Quinn Recommendations

  • Place distinct stickers on the spines of graphic novels and comics – both new acquisitions and items already held. This is both a service for patrons and a stopgap process that does not alter cataloging and location until they have been carefully assessed.
  • Have local technical services staff meet with on-the-desk librarians to discuss cataloging and processing.
  • Support awareness of graphic novels and comics with displays.
  • Be aware that not all public librarians learned about graphic novels and comics in library school.
  • Attend or ask for seminars about graphic novels and comics at library systems.
  • Discuss the possibility of working relationships with local comics stores.
  • Create a short survey (on paper and online) that invites patrons to voice their needs concerning graphic novels and comics in the library. The paper surveys could be placed at reference desks and on the shelves where such items are located in the library.
  • Offer graphic-novels/comics discussion programs for children’s age groups (About good, 2016, para. 2) and for adults, where readers and librarians can share their enjoyment (Jacobson, 2010, p. 29) and knowledge about individual titles or this literature in general.

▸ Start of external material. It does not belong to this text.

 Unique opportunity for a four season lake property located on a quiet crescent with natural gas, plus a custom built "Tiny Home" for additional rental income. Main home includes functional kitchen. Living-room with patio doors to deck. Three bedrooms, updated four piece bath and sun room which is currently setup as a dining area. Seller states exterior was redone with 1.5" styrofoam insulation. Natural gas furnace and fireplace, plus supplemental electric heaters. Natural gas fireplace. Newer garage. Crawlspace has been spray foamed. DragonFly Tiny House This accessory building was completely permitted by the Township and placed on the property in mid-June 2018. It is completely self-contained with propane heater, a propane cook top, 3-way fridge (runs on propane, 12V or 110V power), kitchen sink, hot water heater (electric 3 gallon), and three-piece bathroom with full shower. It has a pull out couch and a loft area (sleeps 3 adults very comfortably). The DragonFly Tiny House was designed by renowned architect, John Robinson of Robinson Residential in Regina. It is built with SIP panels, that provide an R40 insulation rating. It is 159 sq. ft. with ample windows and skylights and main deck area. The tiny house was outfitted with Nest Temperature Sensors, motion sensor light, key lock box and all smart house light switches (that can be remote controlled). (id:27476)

About good comics for kids. (2016). Retrieved from the Good Comics for Kids blog of School Library Journal at http://blogs.slj.com/goodcomicsforkids/

Green, K. (November 9, 2010). ‘Whaddaya got?’: Finding graphic novels in an academic library.  Retrieved from the website of Publishers Weekly at http://www.publishersweekly.com/pw/by-topic/industry-news/comics/article/45109-whaddaya-got-finding-graphic-novels-in-an-academic-library.html

Jacobson, A. (2010). Party on! at your book discussions: Shouldn’t a book club be for the fun of sharing? American Libraries, 41(8). Retrieved from http://go.galegroup.com.queens.ezproxy.cuny.edu:2048/ps/i.do?ty=as&v=2.1&u=cuny_queens&it=search&s=RELEVANCE&p=PPMI&qt=TI~%22Party%20on!%20At%20your%22~~SP~28~~IU~8~~SN~0002-9769~~VO~41&lm=DA~120100000&sw=w

Lyga, A. A. W., & Lyga, B. (2004). Graphic novels in your media center: A definitive guide. Westport, CT: Libraries Unlimited.

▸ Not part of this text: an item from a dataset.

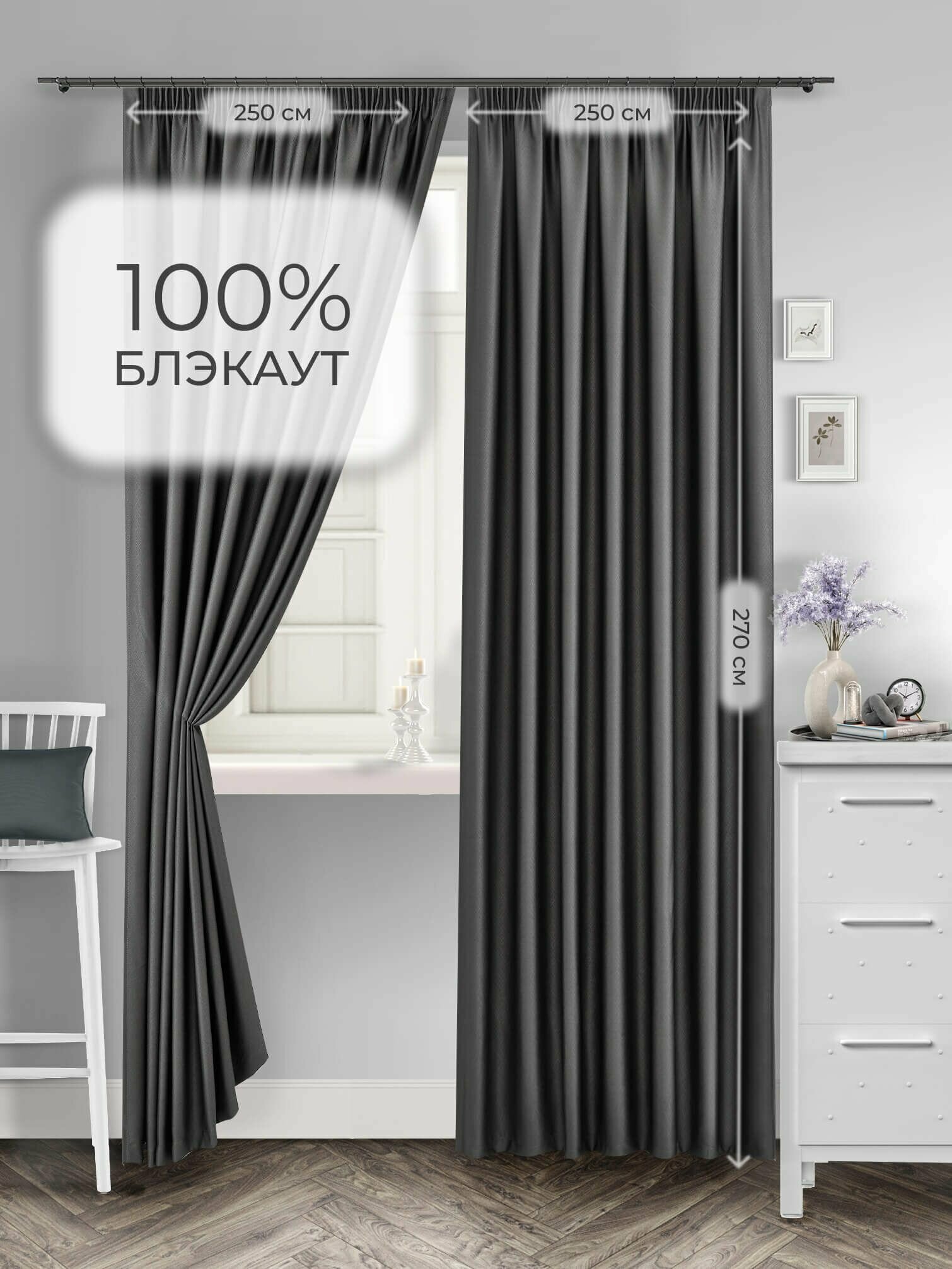 10 цен на Комплект штор для комнаты Shtoraland Блэкаут 100%, графитовый, 250x270 см - 2 шт, однотонные светонепроницаемые.

Nyberg, A. K. (2010). How librarians learned to love the graphic novel. In Weinger, R. (Ed.). Graphic novels and comics in libraries and archives: Essays on readers, research, history and cataloging. Jefferson, NC: McFarland.

Tarulli, Laurel. (2010). Cataloging and problems with Dewey: Creativity, collaboration and compromise. In Weiner, R. G. (Ed.). Graphic novels and comics in libraries and archives: Essays on readers, research, history and cataloging. Jefferson, NC: McFarland.